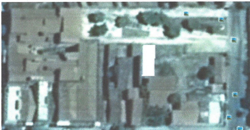
Localização do estacionamento
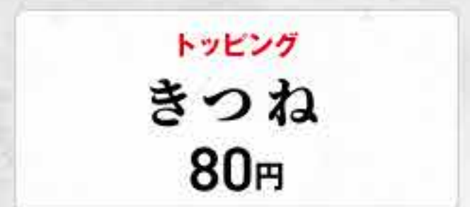
トッピング きつね 80円
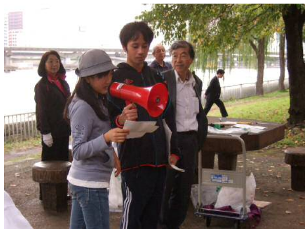
クロージングセレモニー 2014. 11. 06
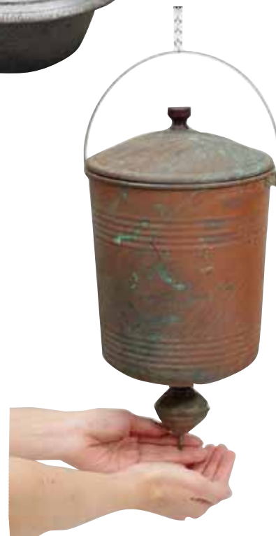
てあらいき 手洗器
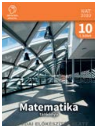
Matematika 10. tankönyv I. kötet
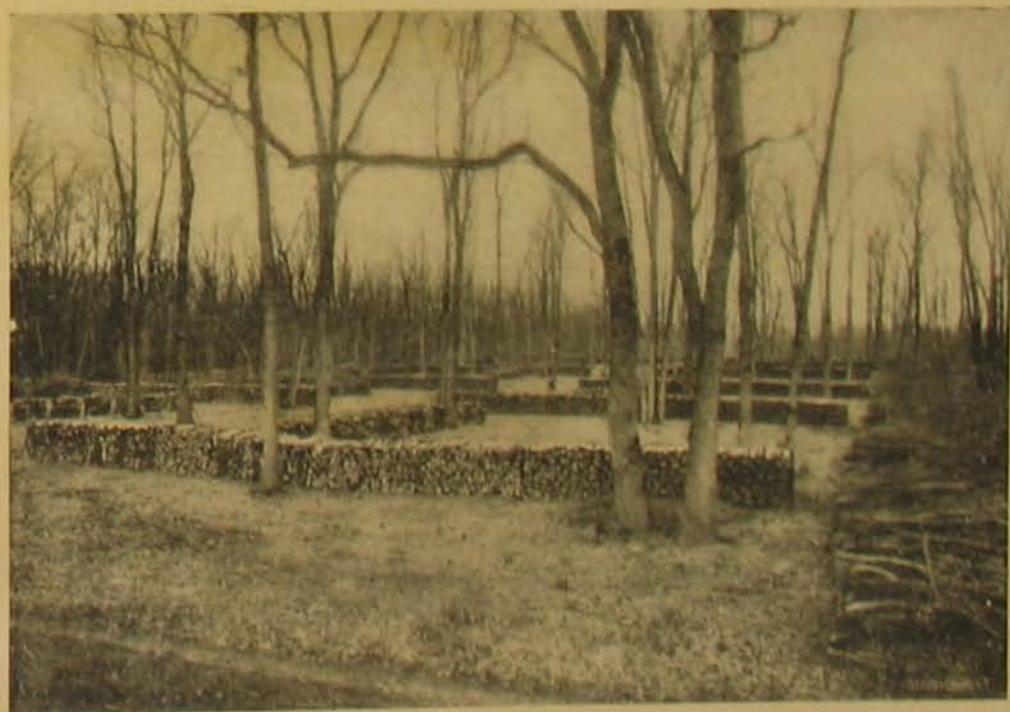
Rendszeres fatormolás a vadászgerdői erdőéri szakiskolában.
++++
## Exercise aim
Please print the material exactly as given above, omitting the pictures.

## Expected answer
Localização do estacionamento
トッピング きつね 80円
クロージングセレモニー 2014. 11. 06
てあらいき 手洗器
Matematika 10. tankönyv I. kötet
Rendszeres fatormolás a vadászgerdői erdőéri szakiskolában.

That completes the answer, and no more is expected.